Third what area in your numerical model is bearing the discrepancy (are there coupling approximations, or boundary conditions that are more sollicited by this thrid mode). Do you have oversimplified your model's geometry ....
Remember also that, since the FE are using an implicit shape function, that works as an increase in stiffness: that is why FE values tend to be higher that the real (experimental) ones, even is everything else was perfect. Besides that, I agree with the comments from Darby and Guillaume.
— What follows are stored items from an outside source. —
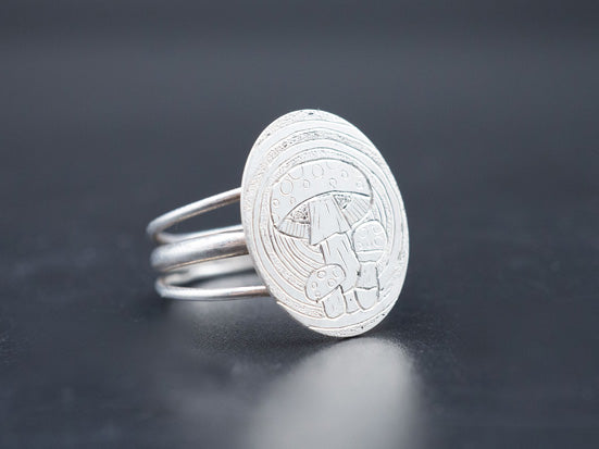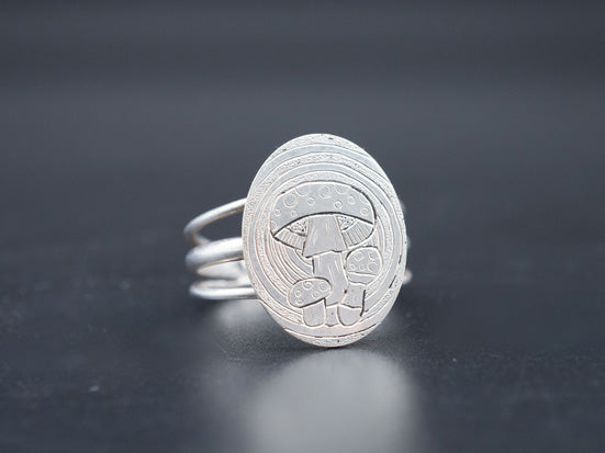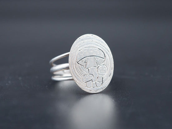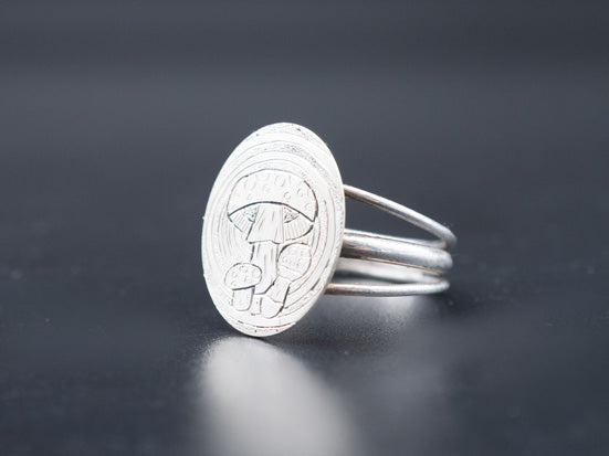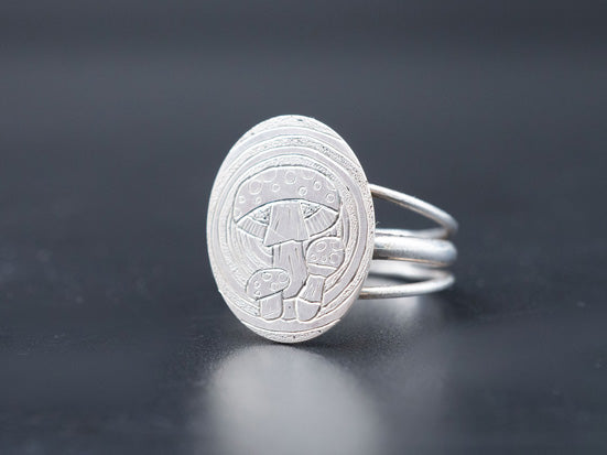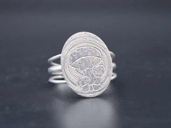 Hand Engraved Amanita Mushroom Signet Ring with geometric background. Add mush love to your day with this beautiful silver ring.
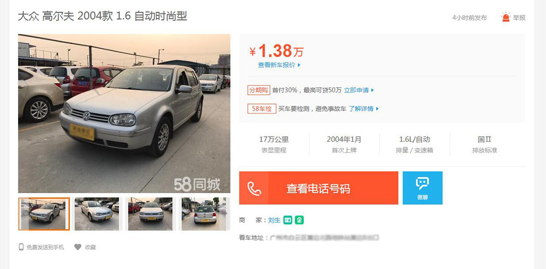 同样为大家带来大众旗下的车型-高尔夫,1万块钱买高尔夫听起来有点不可思议,但事实上高尔夫要比捷达贵上不少,我们比较熟悉的是第四代高尔夫(5代没有国产)。所以二手车市场低价位高尔夫流通比较多的就是四代高尔夫了,1万多价格主要集中在04-05款上。
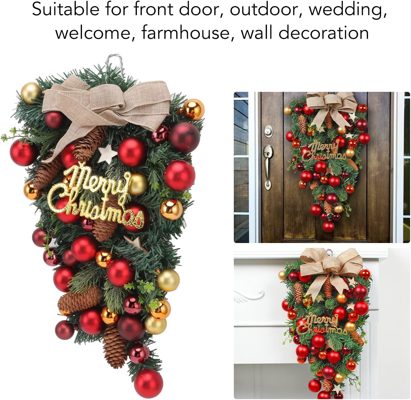 [Atmosfera festiva delle festività] trasformare la tua casa in un paese delle meraviglie invernale con questa splendida porta capovolta. per le celebrazioni di Natale e Capodanno, questo ornamento meravigliosamente realizzato aggiunge un tocco di colore e allegria alle tue giornate innevate. Il suo design elegante migliora lo spirito natalizio, rendendolo indispensabile per gli appassionati di decorazioni festivi. [Resistente a resistente e resistente alla dissolvenza] realizzato con materiali di alta qualità, questo albero di Natale rovesciato è progettato per durare. I colori vibranti rimangono luminosi e vivaci anche dopo anni di utilizzo, garantendo che le tue decorazioni rimangono fresche e belle. Non più preoccuparti di sbiadire o indossare: questo ornamento è costruito per impressionare la stagione dopo la stagione. [Riutilizzabile ed ecologico] Realizzato con meticolosa artigianato, questo ornamento della porta di Natale non è solo elegante ma anche sostenibile. La sua robusta costruzione consente un uso ripetuto in molte stagioni, rendendola una scelta ecologica. Dì addio agli inverni noiosi e ciao a un pezzo senza tempo che continua a dare gioia anno dopo anno. [Opzioni di arredamento versatili] Sia che tu stia decorando la porta d'ingresso, il camino, la finestra o persino una vetrina, questo albero artificiale capovolto si adatta perfettamente. Ideale per uso interno ed esterno, è anche una fantastica aggiunta a feste, matrimoni e ambienti da fattoria. Lascia che la tua creatività risplenda con questa decorazione adattabile e accattivante. [Idea premuroso] Cerchi il di Natale ? Questa decorazione della porta multiuso funge anche da un squisito per amici e familiari. Adatto a varie impostazioni come i benvenuti all'aperto, l'arredamento delle pareti e altro ancora, è un unico e pratico che diffonde allegria per le vacanze. Dai il dono del bellissimo arredamento in questa stagione!

I tend to agree with your III frequency having about 11% error - But I doubt the small deviation of less than 1% for 01st and 02nd frequencies between FEM and experiment - this small variation is valid for a perfect cantilever beam of regular geometry, with beam elements and with perfect B.Cs - again you cannot expect this close accuracy with solid element tetra mesh- did you perform mesh independancy test for FE analysis
Next how did you know what is the third mode shape experimentally to compare with FEM - check for MAC - what is the kind of experiment done and what is the response sensor, howmany and at which locations - this requires more elaborate discussions
It is true, MAC, in any of its variants, requires FRF curves enough to distinguish among the several mode shapes. Any practical FEM simulation will easily provide enough of these, but experimental FRF are a different problem. Anyway, a hint that usually works is to use the FEM-simulated mode shapes to select the number and location of the sensors in such a way that all mode shapes within the frequency range of interest are clearly distinguishable.
Just as Darby said, a comparison of mode shapes can be useful to identify whether the two third-order modes are the same thing. A experimental modal analysis is likely to lose mode information and maybe the third-order is the forth-order. Also, the coincidence of the first two orders cannot prove the correctness of FEM, maybe the first two orders are not sensitive to the wrong FEM, however , the third order mode is probably sensitive.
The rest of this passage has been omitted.